[WHAT THE TASK REQUIRES]
Exactly as they appear below, repeat the lines from the one with "本研究對多家跨國制藥企業(y" through the one with "To secure the". Drop every picture.
[[ TASK INPUT, beginning ]]
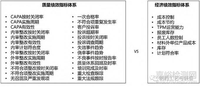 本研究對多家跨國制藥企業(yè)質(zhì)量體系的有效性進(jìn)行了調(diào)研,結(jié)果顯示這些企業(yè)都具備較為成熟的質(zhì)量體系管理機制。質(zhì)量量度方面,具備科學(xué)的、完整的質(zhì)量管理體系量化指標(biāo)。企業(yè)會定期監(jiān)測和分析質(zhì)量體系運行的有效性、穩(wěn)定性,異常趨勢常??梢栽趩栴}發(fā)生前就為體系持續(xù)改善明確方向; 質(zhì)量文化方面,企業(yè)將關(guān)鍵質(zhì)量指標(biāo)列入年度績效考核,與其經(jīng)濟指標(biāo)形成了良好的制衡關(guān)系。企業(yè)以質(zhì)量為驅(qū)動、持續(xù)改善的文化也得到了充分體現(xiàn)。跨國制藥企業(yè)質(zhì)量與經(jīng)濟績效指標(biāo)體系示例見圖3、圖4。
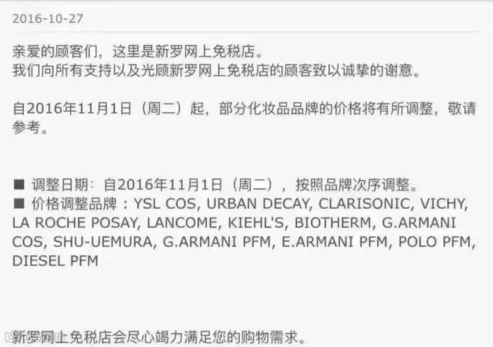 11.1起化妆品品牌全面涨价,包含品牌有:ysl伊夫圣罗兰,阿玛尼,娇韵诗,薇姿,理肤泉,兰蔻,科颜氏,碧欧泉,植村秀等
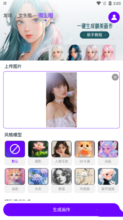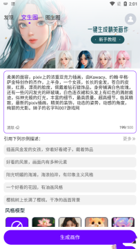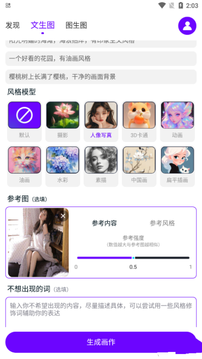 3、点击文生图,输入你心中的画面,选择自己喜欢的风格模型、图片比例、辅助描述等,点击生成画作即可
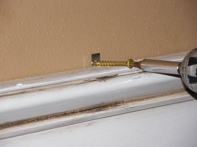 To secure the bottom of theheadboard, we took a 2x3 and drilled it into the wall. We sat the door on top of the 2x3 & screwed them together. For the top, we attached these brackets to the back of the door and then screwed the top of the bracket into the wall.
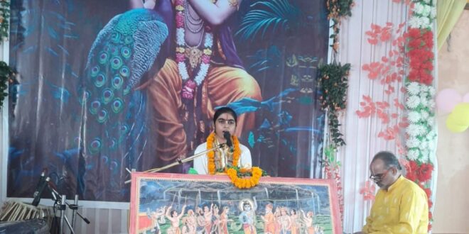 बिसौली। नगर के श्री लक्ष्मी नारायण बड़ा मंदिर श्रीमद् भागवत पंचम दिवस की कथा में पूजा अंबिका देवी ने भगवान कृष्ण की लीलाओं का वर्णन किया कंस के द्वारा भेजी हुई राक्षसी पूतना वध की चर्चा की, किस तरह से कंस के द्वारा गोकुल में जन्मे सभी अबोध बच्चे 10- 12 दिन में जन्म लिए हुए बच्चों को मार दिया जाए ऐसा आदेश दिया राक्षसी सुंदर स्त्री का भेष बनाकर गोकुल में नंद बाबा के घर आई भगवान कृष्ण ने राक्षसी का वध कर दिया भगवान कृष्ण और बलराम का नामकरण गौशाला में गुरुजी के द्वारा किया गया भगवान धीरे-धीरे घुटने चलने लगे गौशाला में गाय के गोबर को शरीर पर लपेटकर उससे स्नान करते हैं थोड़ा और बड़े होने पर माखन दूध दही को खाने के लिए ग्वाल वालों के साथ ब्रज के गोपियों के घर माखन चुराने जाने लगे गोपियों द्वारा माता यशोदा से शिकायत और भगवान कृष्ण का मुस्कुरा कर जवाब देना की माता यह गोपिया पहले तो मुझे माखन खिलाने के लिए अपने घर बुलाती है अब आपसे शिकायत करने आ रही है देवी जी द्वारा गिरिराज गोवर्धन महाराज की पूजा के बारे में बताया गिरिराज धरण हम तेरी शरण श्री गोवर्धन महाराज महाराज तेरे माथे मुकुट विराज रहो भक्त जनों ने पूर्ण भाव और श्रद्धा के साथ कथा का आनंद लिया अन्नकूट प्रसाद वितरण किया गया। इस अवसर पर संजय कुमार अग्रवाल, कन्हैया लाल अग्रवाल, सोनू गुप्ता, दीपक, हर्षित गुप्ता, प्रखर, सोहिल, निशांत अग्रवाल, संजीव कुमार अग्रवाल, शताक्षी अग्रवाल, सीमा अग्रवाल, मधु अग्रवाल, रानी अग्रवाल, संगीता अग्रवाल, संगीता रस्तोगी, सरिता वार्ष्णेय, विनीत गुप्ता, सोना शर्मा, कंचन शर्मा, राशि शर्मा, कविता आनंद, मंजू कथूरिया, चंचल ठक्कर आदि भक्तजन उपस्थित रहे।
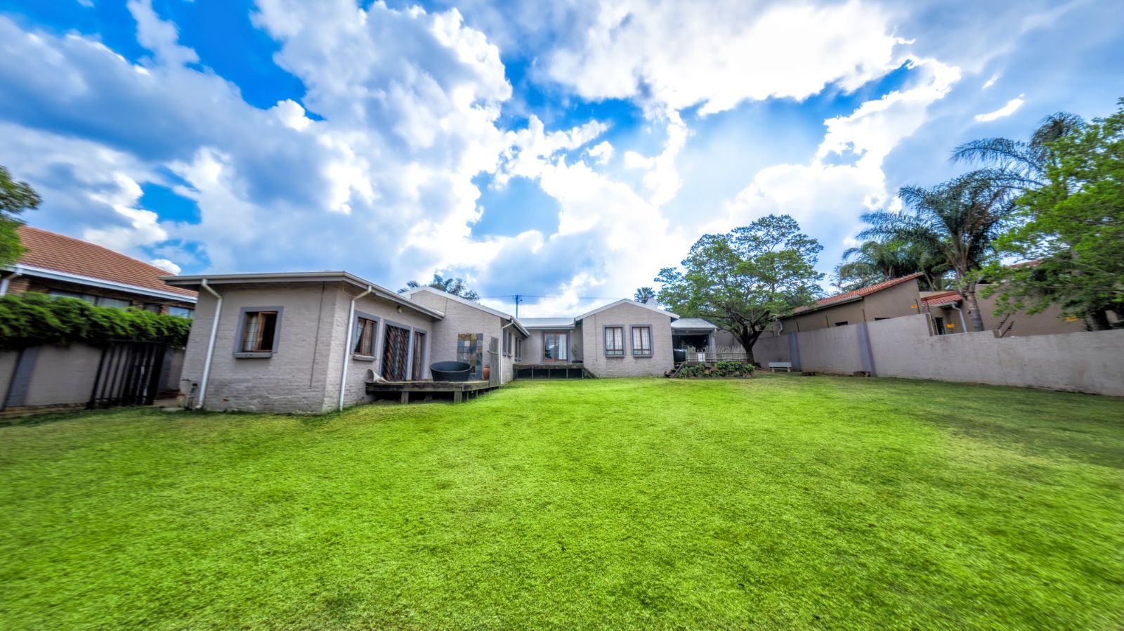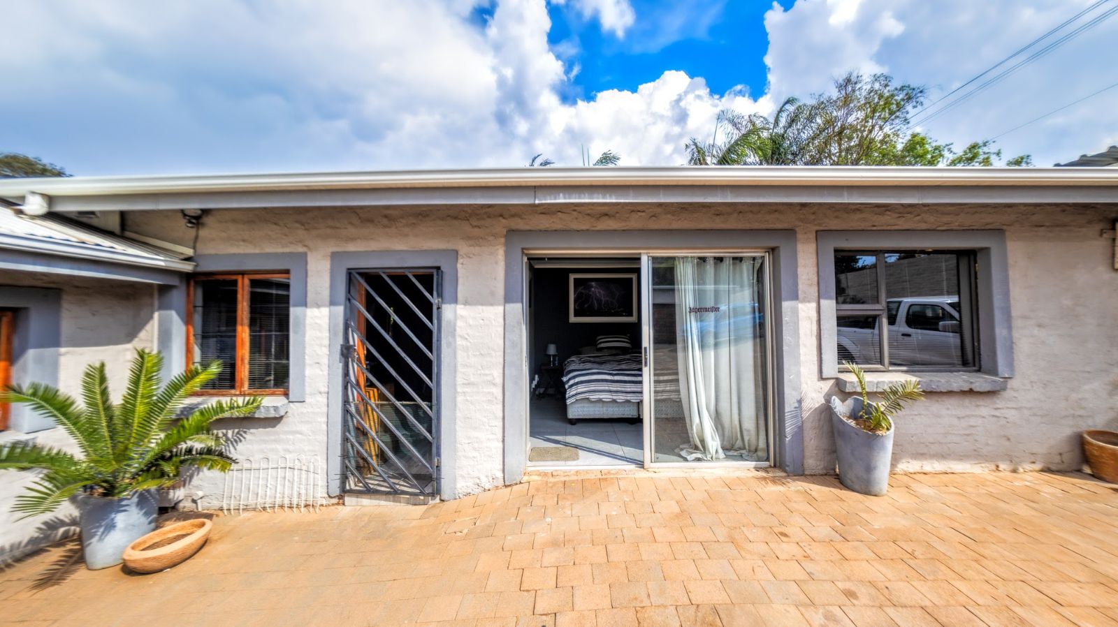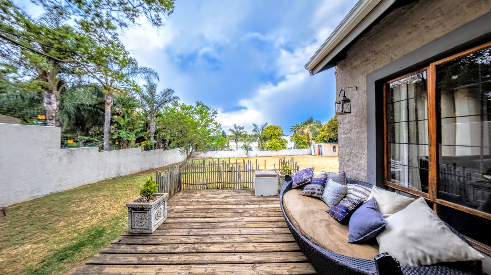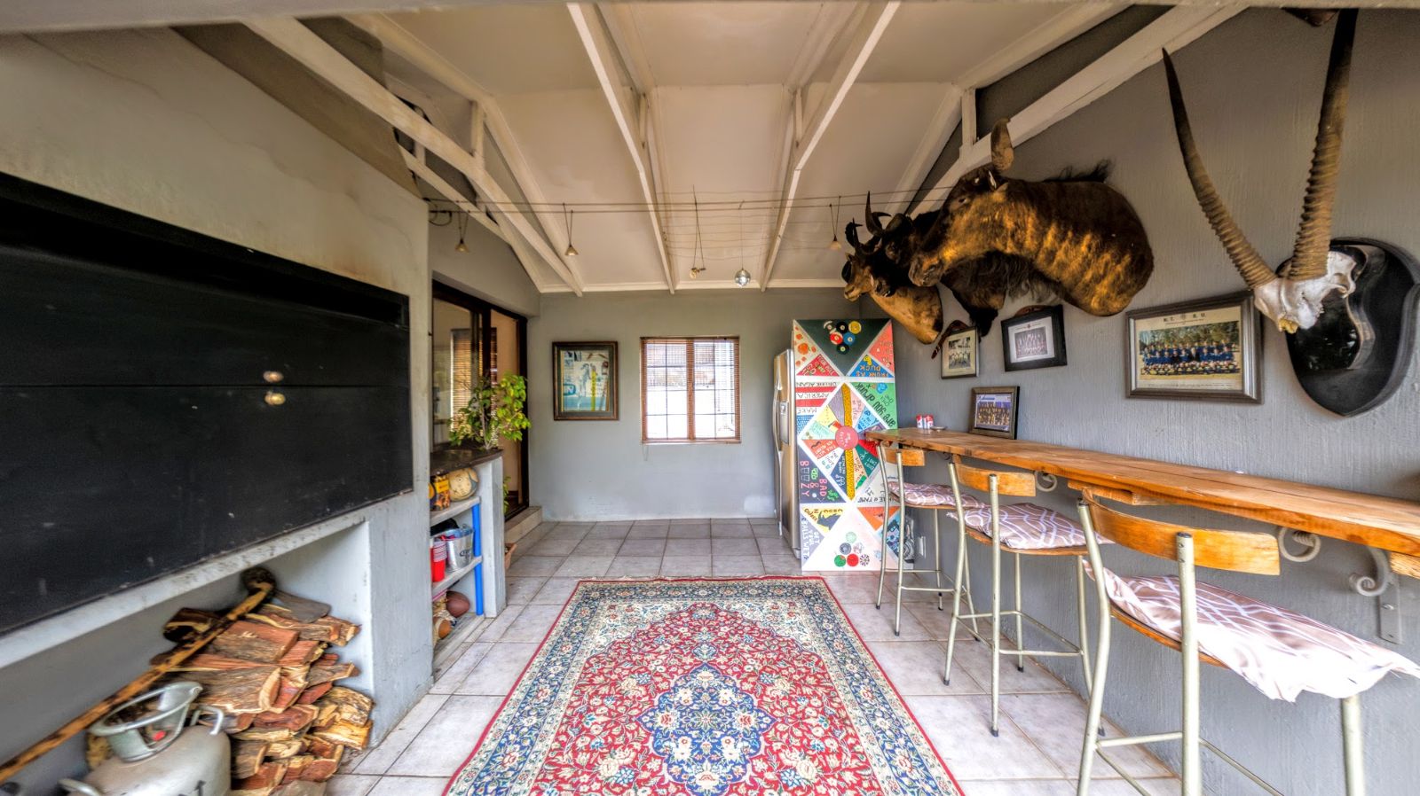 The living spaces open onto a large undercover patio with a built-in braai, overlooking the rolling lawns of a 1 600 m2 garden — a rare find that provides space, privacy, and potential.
[[ TASK INPUT, end ]]
[[ TASK INPUT, beginning ]]
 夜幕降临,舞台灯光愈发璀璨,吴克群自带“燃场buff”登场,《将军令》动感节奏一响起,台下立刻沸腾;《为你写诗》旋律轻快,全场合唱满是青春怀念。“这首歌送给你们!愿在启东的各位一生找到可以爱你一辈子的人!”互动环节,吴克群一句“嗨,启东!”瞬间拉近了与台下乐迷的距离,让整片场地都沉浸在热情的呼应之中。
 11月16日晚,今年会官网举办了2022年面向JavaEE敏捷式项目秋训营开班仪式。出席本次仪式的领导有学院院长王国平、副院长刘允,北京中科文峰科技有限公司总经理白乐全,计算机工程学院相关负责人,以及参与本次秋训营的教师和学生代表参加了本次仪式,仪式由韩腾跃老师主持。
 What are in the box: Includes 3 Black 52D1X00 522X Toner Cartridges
[[ TASK INPUT, end ]]
[[ TASK INPUT, beginning ]]
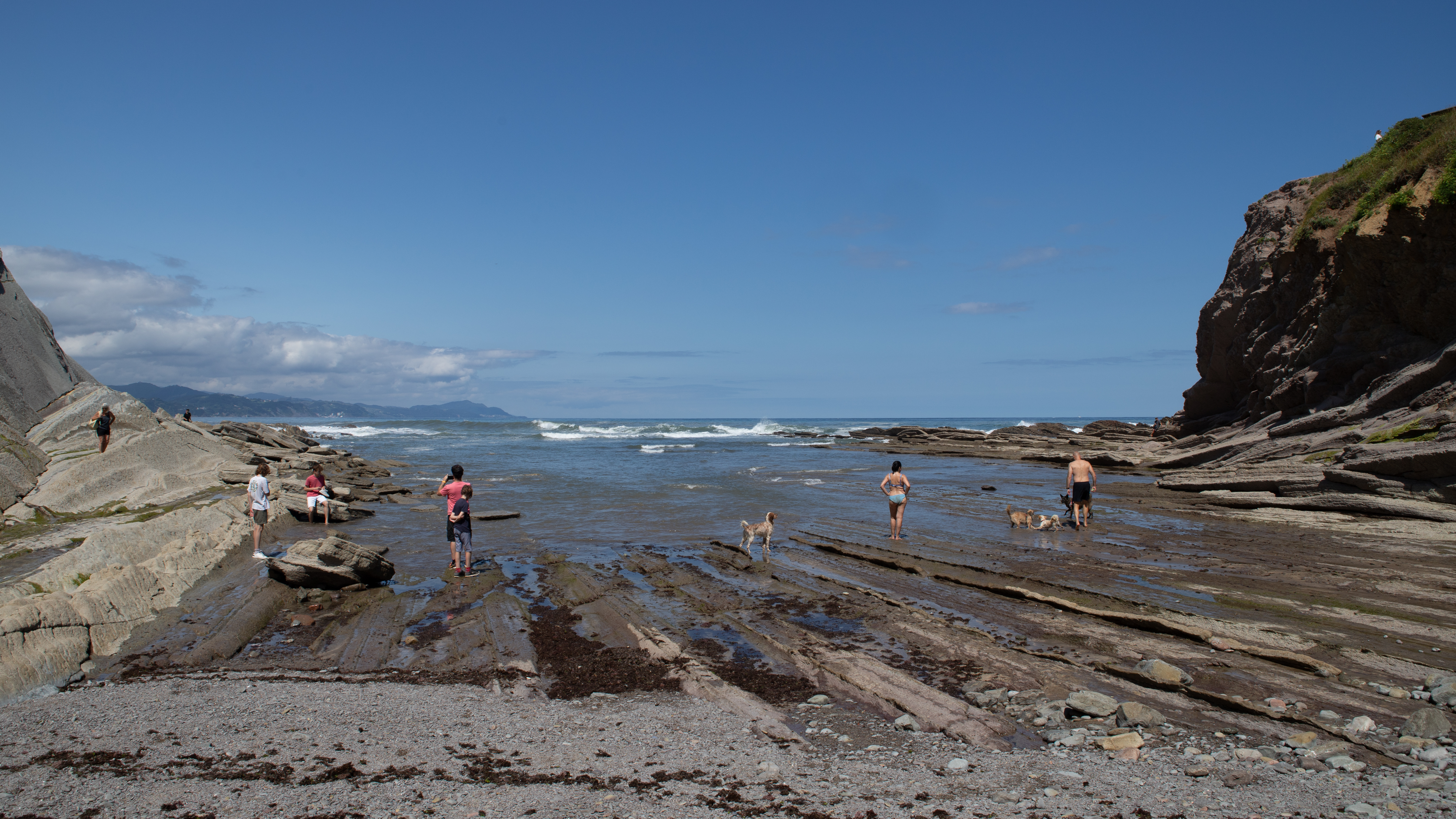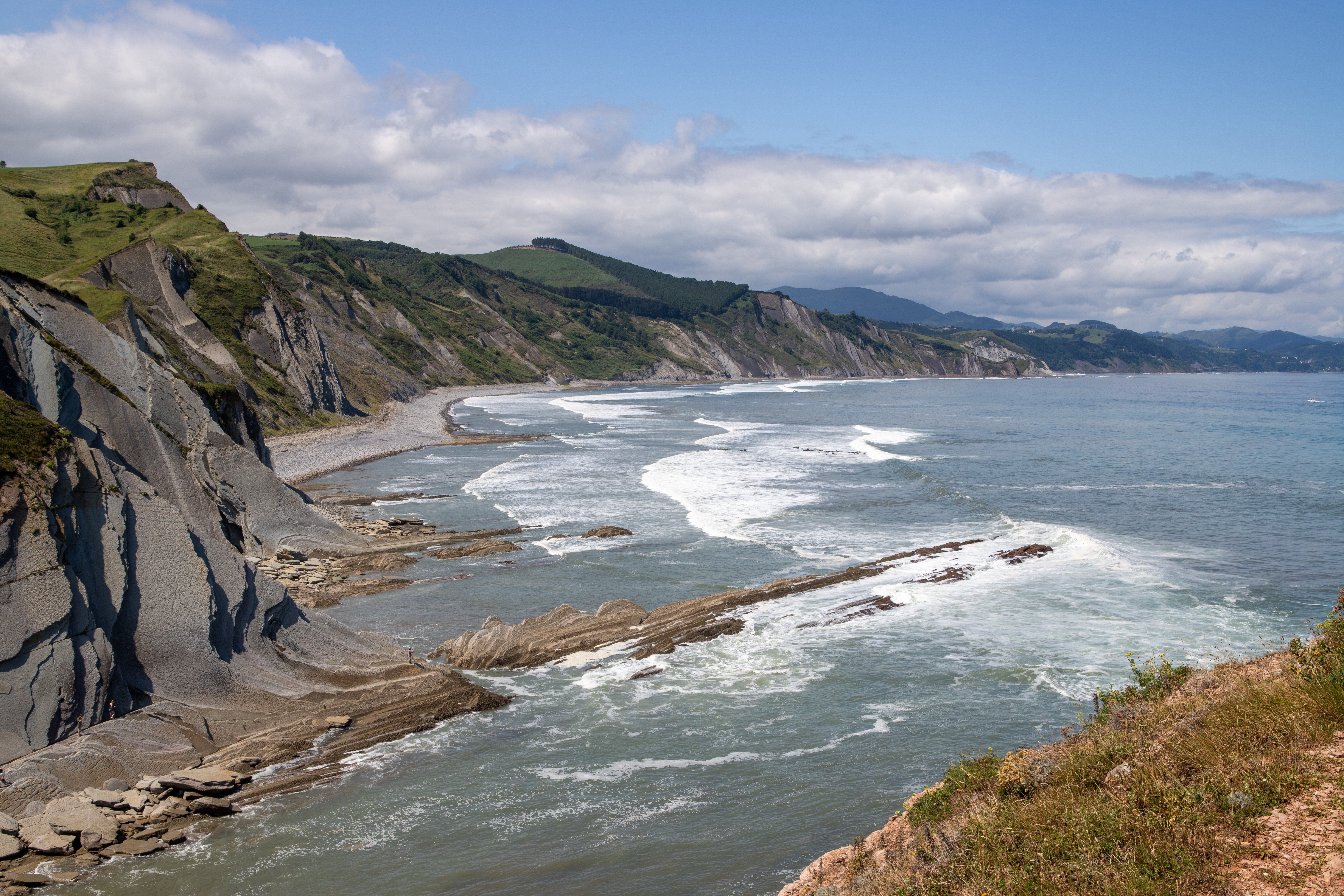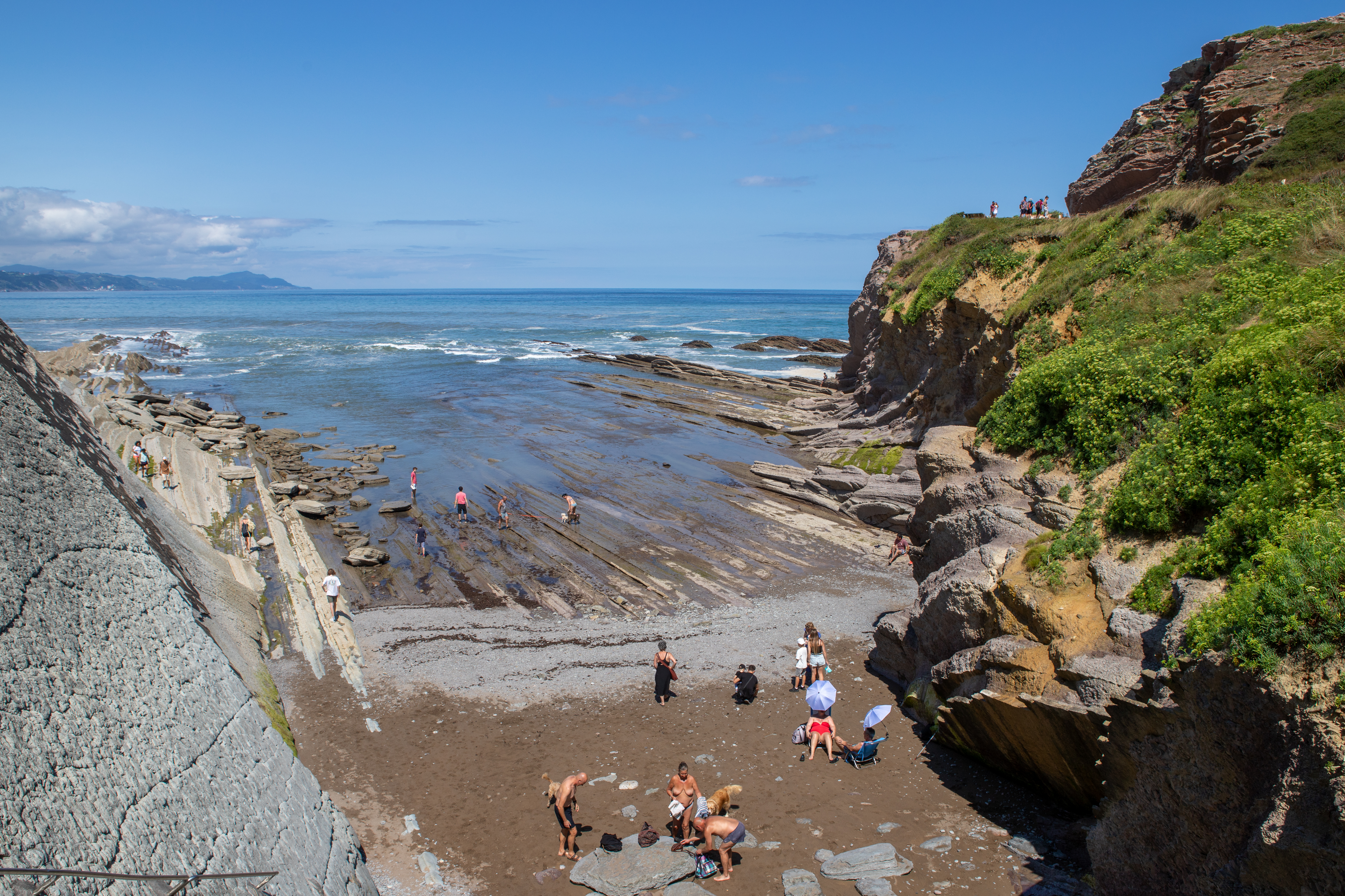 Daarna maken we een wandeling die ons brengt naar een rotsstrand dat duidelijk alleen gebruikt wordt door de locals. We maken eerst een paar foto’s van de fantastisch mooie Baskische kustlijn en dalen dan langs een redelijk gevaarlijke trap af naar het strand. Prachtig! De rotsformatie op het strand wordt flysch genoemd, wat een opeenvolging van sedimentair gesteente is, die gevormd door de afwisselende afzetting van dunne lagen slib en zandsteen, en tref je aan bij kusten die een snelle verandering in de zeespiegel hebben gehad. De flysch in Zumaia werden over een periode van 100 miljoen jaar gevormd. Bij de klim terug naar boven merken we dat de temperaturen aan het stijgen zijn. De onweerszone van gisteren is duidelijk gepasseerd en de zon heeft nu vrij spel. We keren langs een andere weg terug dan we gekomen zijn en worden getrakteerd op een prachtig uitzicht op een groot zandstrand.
[[ TASK INPUT, end ]]
[ANSWER BOX]
 本研究對多家跨國制藥企業(yè)質(zhì)量體系的有效性進(jìn)行了調(diào)研,結(jié)果顯示這些企業(yè)都具備較為成熟的質(zhì)量體系管理機制。質(zhì)量量度方面,具備科學(xué)的、完整的質(zhì)量管理體系量化指標(biāo)。企業(yè)會定期監(jiān)測和分析質(zhì)量體系運行的有效性、穩(wěn)定性,異常趨勢常??梢栽趩栴}發(fā)生前就為體系持續(xù)改善明確方向; 質(zhì)量文化方面,企業(yè)將關(guān)鍵質(zhì)量指標(biāo)列入年度績效考核,與其經(jīng)濟指標(biāo)形成了良好的制衡關(guān)系。企業(yè)以質(zhì)量為驅(qū)動、持續(xù)改善的文化也得到了充分體現(xiàn)。跨國制藥企業(yè)質(zhì)量與經(jīng)濟績效指標(biāo)體系示例見圖3、圖4。
 11.1起化妆品品牌全面涨价,包含品牌有:ysl伊夫圣罗兰,阿玛尼,娇韵诗,薇姿,理肤泉,兰蔻,科颜氏,碧欧泉,植村秀等
 3、点击文生图,输入你心中的画面,选择自己喜欢的风格模型、图片比例、辅助描述等,点击生成画作即可
 To secure the bottom of theheadboard, we took a 2x3 and drilled it into the wall. We sat the door on top of the 2x3 & screwed them together. For the top, we attached these brackets to the back of the door and then screwed the top of the bracket into the wall.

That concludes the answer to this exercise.